------ Given data ------
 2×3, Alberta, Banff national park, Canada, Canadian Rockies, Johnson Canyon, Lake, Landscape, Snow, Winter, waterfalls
------
------ Given data ------
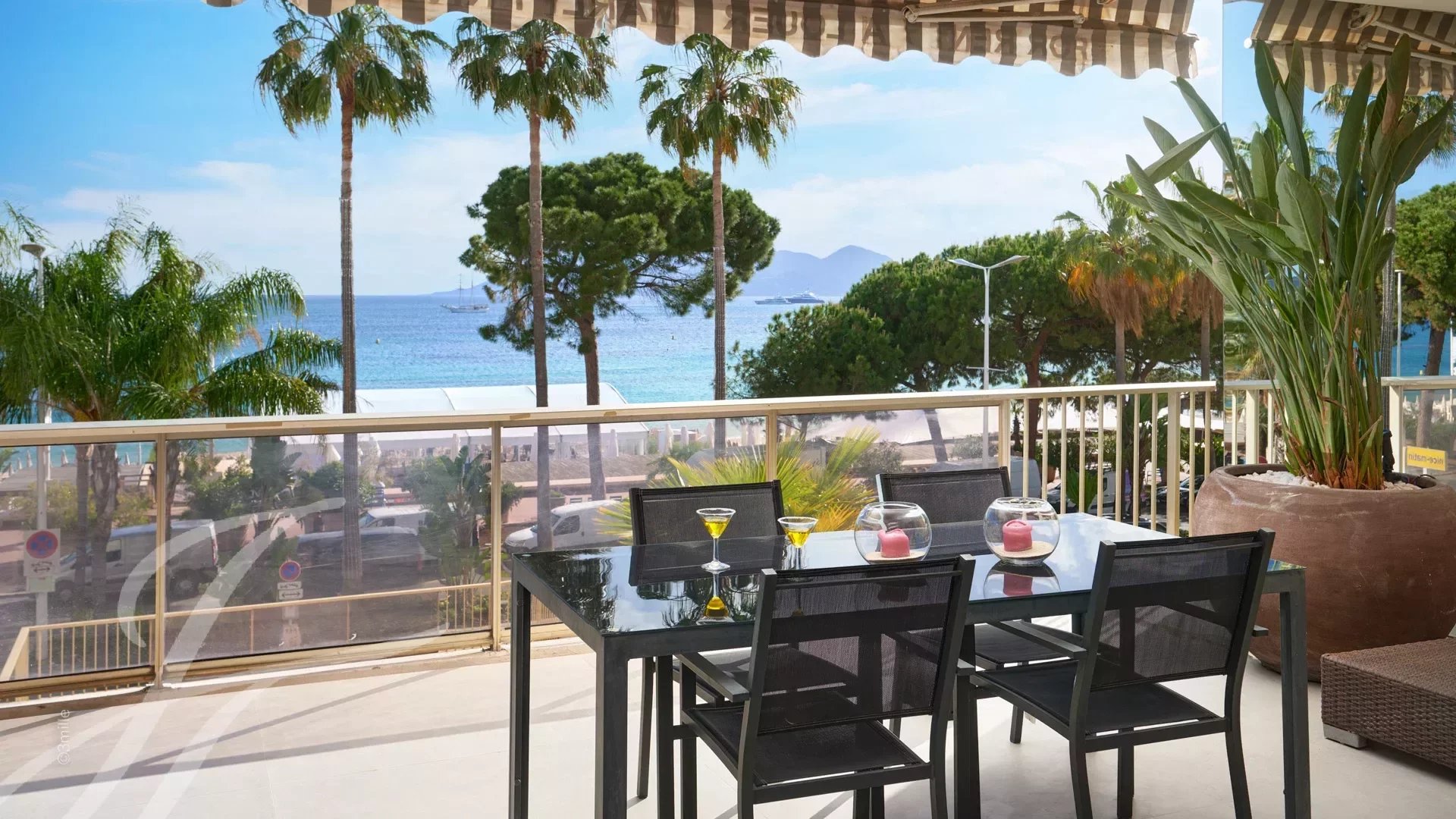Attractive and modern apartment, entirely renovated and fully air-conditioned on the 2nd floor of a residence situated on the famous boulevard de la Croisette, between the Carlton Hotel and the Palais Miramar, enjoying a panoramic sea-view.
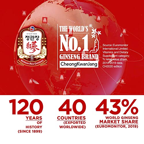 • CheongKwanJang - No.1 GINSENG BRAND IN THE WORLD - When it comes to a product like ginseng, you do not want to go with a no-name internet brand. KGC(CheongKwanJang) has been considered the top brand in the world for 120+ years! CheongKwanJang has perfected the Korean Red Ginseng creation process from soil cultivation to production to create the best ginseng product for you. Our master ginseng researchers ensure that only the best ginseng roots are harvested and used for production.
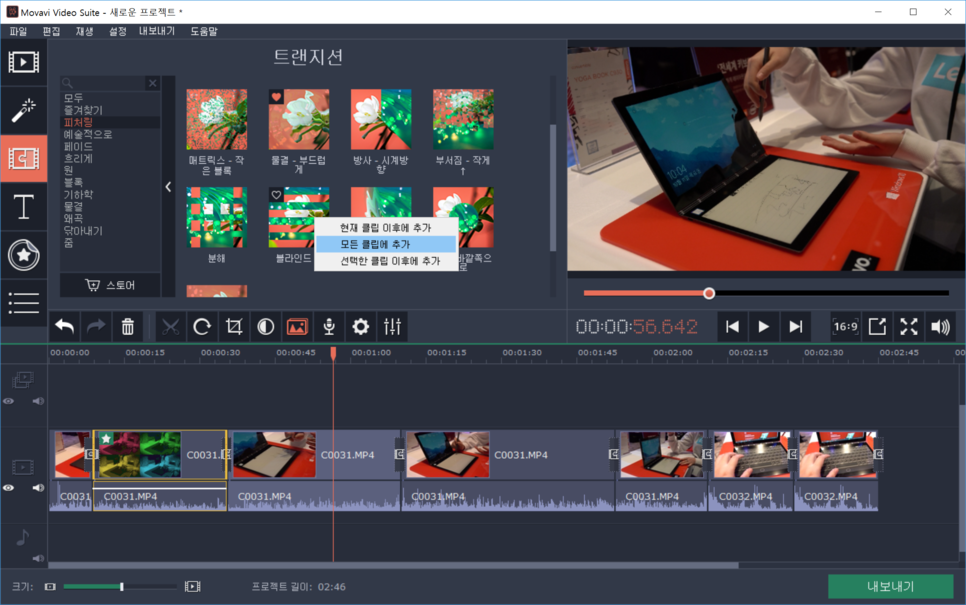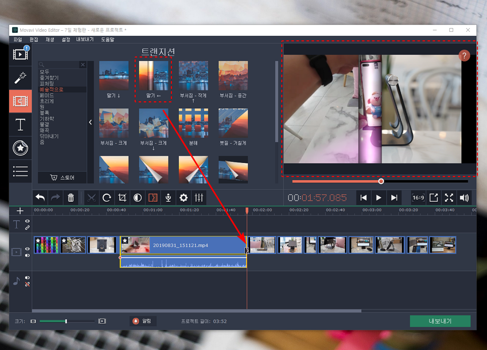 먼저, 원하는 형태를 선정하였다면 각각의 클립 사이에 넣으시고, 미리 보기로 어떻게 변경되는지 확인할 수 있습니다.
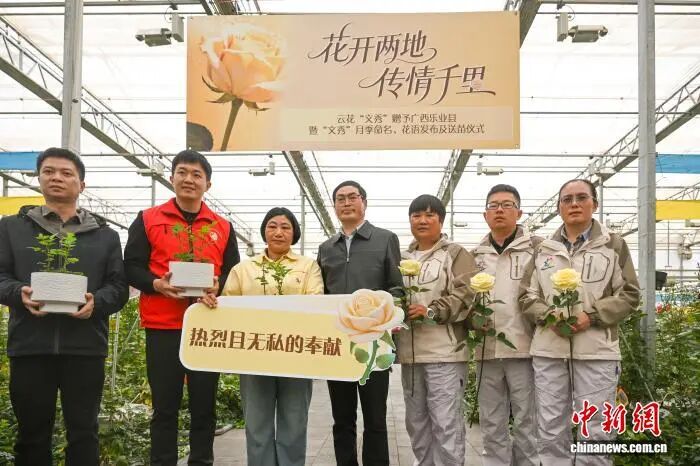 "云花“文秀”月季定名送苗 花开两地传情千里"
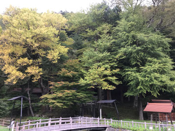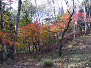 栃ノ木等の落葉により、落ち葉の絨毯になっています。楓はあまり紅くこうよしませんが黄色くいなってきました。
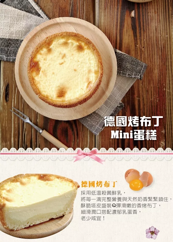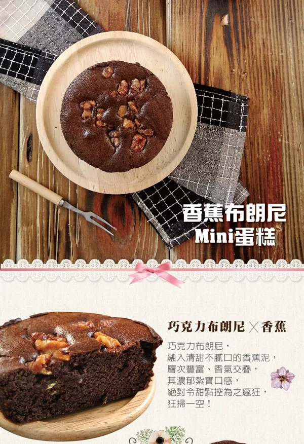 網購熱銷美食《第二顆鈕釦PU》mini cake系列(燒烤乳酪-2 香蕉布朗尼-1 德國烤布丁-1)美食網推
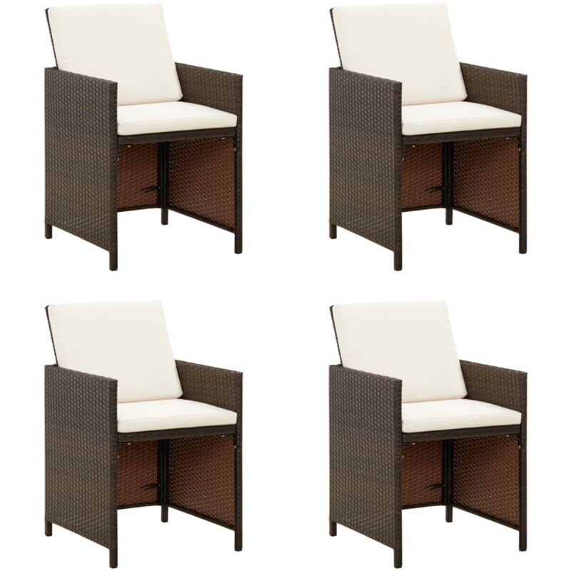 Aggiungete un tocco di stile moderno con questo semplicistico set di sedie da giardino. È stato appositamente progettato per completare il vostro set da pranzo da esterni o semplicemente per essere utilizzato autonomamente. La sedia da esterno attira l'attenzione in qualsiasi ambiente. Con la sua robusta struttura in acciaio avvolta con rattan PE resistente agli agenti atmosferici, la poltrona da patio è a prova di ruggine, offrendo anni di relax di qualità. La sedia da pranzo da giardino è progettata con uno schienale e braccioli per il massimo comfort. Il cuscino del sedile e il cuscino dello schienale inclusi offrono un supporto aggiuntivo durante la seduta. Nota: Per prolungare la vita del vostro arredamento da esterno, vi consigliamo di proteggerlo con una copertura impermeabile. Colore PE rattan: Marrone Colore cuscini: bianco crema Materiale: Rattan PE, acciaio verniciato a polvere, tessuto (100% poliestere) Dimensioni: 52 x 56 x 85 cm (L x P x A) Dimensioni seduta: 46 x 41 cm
------
Your instructions | The material above holds pictures; leave them out. Repeat exactly the lines from the one containing "栃ノ木等の落葉により、落ち葉" through the one containing "網購熱銷美食《第二顆鈕釦PU》mini cake系列(燒烤乳酪-2 香蕉布朗尼-1", and nothing else.

Written response |
 栃ノ木等の落葉により、落ち葉の絨毯になっています。楓はあまり紅くこうよしませんが黄色くいなってきました。
 網購熱銷美食《第二顆鈕釦PU》mini cake系列(燒烤乳酪-2 香蕉布朗尼-1 德國烤布丁-1)美食網推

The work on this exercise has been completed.